The sentries recoiled from what spattered or rolled at their feet, and Storm sighed again.
It was early in the evening of this twelfth day of Marpenoth. Which meant that only the earliest and most eager of the idle and wealthy nobles in Suzail had found their ways to the Memories of Queen Fee.
So they could be first with the latest and juiciest gossip, of course.
“They’re saying,” Lady Shalais Wyrmwood burst out breathlessly, eyes dancing with excitement, “that Myth Drannor has fallen, and all the Dales too!”
“As even my great-grandsire often observed, ‘they’ say many things,” Lord Illance said sourly. “Where’s the proof? Lay before us some details, lass! A vagabond hiresword army has to be paid, remember! What they can seize from the elves and the Dalefolk is their own booty, theirs in addition to their promised coin. And last I heard, they hadn’t been paid at the agreed-upon time, and were getting a mite surly about it. So before you have the fabled City of Song with all its proud elves and the Dales with their sturdy farmers overthrown, routed, and taken, hearken to this: I’ve noticed, down the years, that armies always win their greatest victories in rumor, and do rather less well on the battlefield.”
“You’d not say that, Lord Illance,” Lady Rowanmantle snapped, “if you’d seen the wasteland that was once the glittering heart of Sembia. Why-”
“And have you seen it, Lady?” came his frosty interruption. “Have you seen anything at all beyond what can be glimpsed from the highest towers in this city, in the last three decades? I think not. Wherefore you must needs rely on the same racing and loose-tongued rumor that so informs young Lady Wyrmwood here.”
At the next table, Lord Harflame set down his goblet to sneer. “They’ll be at our gates next! Run and hide your jewels and your best gowns, ladies!”
“Yes, and go about in our frilly scanties,” old Lady Rowanmantle said caustically. “You’d like that, wouldn’t you, Amondras? You always were a lecherous, drooling, tasteless boor!”
“Odds blood, what a sharp-tongued liar you are, Arletta! How would you know what I taste like, hmm? And were I as lewd as you claim, I’d even want to see your old dragon-scarred hide bared, whereas the truth of the matter is that I’m far more selective! Young Shalais here, Delaunthra yonder, and one or two others, not the whole aging herd of you!”
“Herd, Lord Harflame? Herd!?”
“Yes, ‘herd,’ to be sure. Although perhaps that’s a disservice to my cows, who still yield milk and give me calves, and are on the whole far easier on the eyes, and most certainly on the ears, than you old battle-axes!”
Mirt hid a wide-and getting broader-grin behind his oversized goblet. This was better than a play! They’d be throwing food and dashing wine at each other next!
So as not to be noticed by anyone who might curb their tongue when reminded there was an outlander present, he settled himself a little lower in his seat in the darkest corner of this exclusive upper room in the Memories of Queen Fee.
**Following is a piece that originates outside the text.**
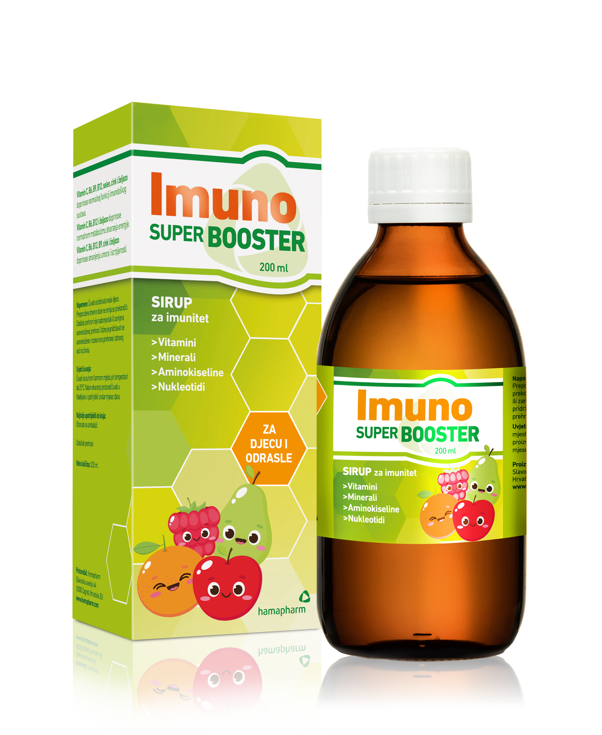 Hamapharm Imuno Super Booster sirup za imunitet za djecu sadrži sve potrebno za snažan imunitet najmlađih: vitamini, minerali, aminokiseline, nukleotidi.

The most fashionable and expensive club along the Promenade in Suzail was sparsely populated just now, but then it was early yet. Many of the regular noble patrons were at home, with large and sumptuous meals and more than a few goblets of good wine still to get through, to fortify themselves for the serious imbibing that went on in the Fee.
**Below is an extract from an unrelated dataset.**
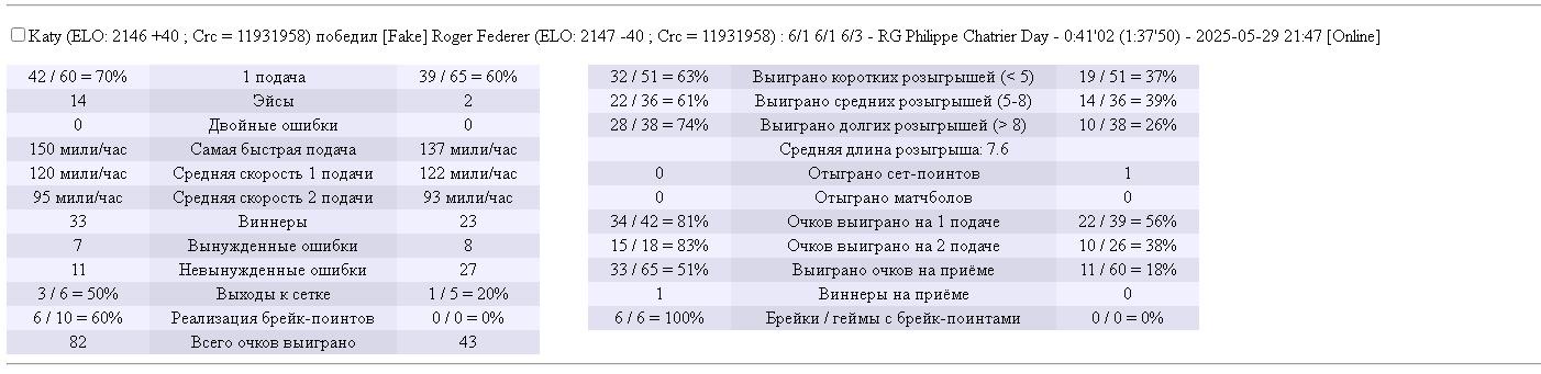 29.05.2025 Round of 32 Katy fakefederer 6-1,6-1,6-3

Rank amateurs in debauchery to a veteran glutton and drunkard like the oldest living Lord of Waterdeep, but after all, these were Cormyreans; they went at such things far more lightly than in the Deep.
“Well,” observed Lord Renstameir Haelrood, as he swept into the room with a club servant scrambling in his wake to retrieve his casually discarded, many-feathered hat and gilt-trimmed cloak, “I see you’re all hard at work trying to dismantle each other’s tempers and reputations, as usual, rather than concerning yourselves with the weightier matters that should ensnare the attention of us all. We’ll find it hard to go on leading a kingdom if we find it destroyed beneath us on the morrow. Care you nothing for what’s happening across Faerûn?”